Q181 Chair: Thank you. I would like to give the last word to Steve. I know that you very powerfully, at Edward’s funeral, made a vow to Edward that you would not stop campaigning until you had put in place all the things necessary to stop stories like Edward’s happening again. You said before that a lot of things have changed since then in a positive way. How far are you on the journey to succeeding in that vow?
Steve Mallen: Thank you, Chair, for reminding me of that obviously very poignant punctuation mark in my life. I have devoted the past five or six years to this.
If truth be told, I actually think that we have come quite a long way in the past five or six years. The data has improved. The social narrative has improved. There has been increased investment in mental health. There has been particular attention on children and young people. There have been many reports and many committees. The direction of travel is now decidedly positive.
I often struggle to find out and ask myself whether the glass is half full or half empty. I won’t go into my son’s case in particular detail because obviously every biography is unique. I am aware of hundreds, if not thousands, of similar stories. The point of the matter is that he was ill served by the system. He should still be alive. He would still have been alive if the system had done what it was able to do.
I have often asked myself when my journey might start to look like it would come to an end. I would need to be convinced that, were my lad to walk into a mental health facility today, the outcome would likely be different. When I sit back and reflect on that, I think the answer is that we are definitely heading in the right direction. Unfortunately, we still have a very long way to go.
I would like to make one or two final points on the issue of prevention, and, very briefly, on the GP sector. Many young people who experience suicide ideation or who are self-harming have exposure to primary care. The data bear that out.
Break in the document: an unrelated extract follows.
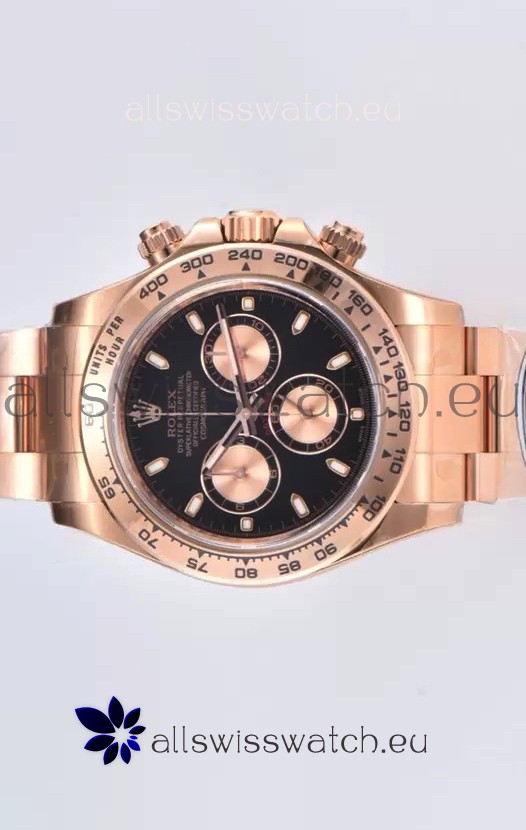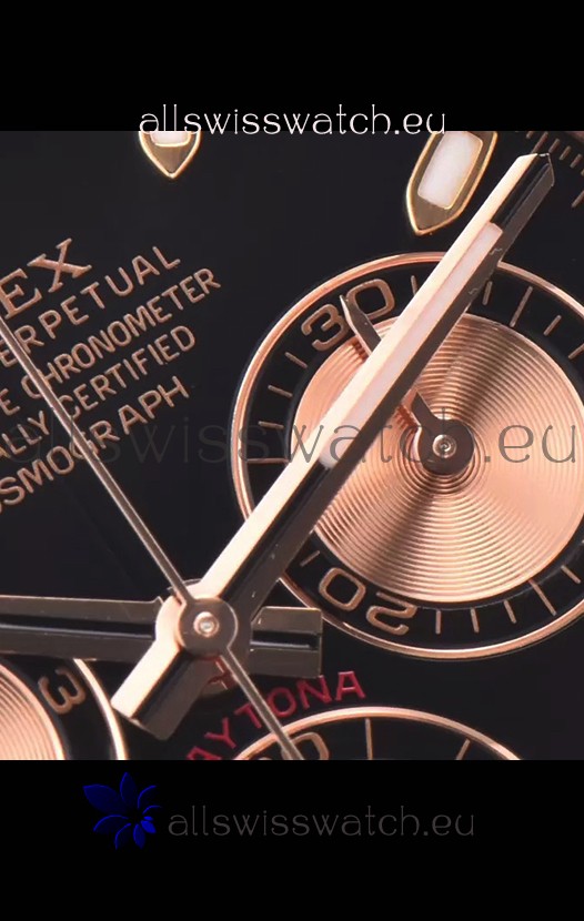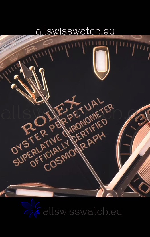 The Best Rolex Daytona Model Replicated up to Date. The First Rolex model to adopt a 904L Steel on Casing and Strap which is the same steel used by Rolex. Compared with an Original Side by Side and there were NO Differences Whatsoever. Complete list of details have been stated below and you will see that tremendous amount of detaiing and work has been put into this edition.
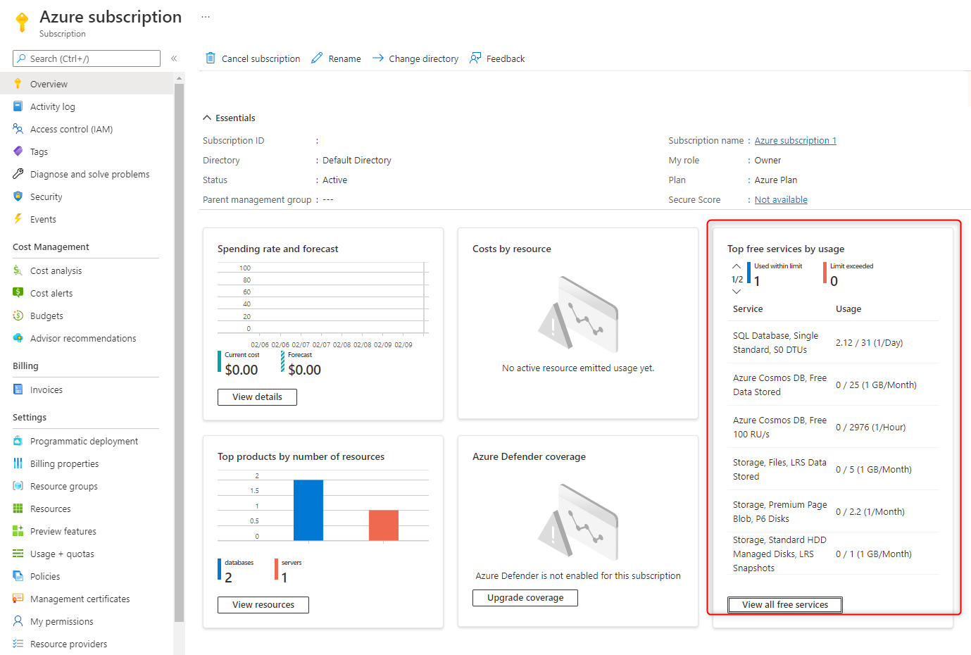 무료 서비스 제한을 초과하지 않는 한 Azure 체험 계정에 포함된 Azure SQL Database에 대해서는 요금이 부과되지 않습니다. 한도 내에서 유지하려면 Azure Portal을 사용하여 무료 서비스 사용량을 추적하고 모니터링합니다.

We all appreciate the incredible pressures that the GP community is under, particularly heightened by the pandemic, but it remains the case that self-harm literacy and suicide prevention in a large part of the primary care system and in many GP surgeries is very poor. Many things are missed or misdiagnosed. We tend to throw pills at things rather than solutions. Opportunities for creating triangles of care are missed and so on and so forth, as indeed are very simple things like conforming to NICE guidelines.
There are very good NICE guidelines surrounding all aspects of mental health and suicide prevention, increasingly and more especially in relation to young people. I am not quite sure myself why NICE guidelines exist, because they do not seem to permeate through to daily practice and frontline services in many instances.
That is a roundabout way of saying, Chair, that there are actually quite a lot of good things that happen in the system. If we already did what we know to be effective, and we did it well and we did it everywhere, we would effect some change, notwithstanding the monumental size of the problem in front of us.
Chair: That is a good note to end on. Thank you, Professor Appleby and Julie Bentley for giving evidence. Particular thanks to Steve Mallen for your courage in talking about Edward and to Mark for your courage in talking about your brother. Both of you have shown that your campaigning since those terrible events can make an enormous difference, and we have heard some of that this morning. Thank you all very much for joining us. That concludes this panel.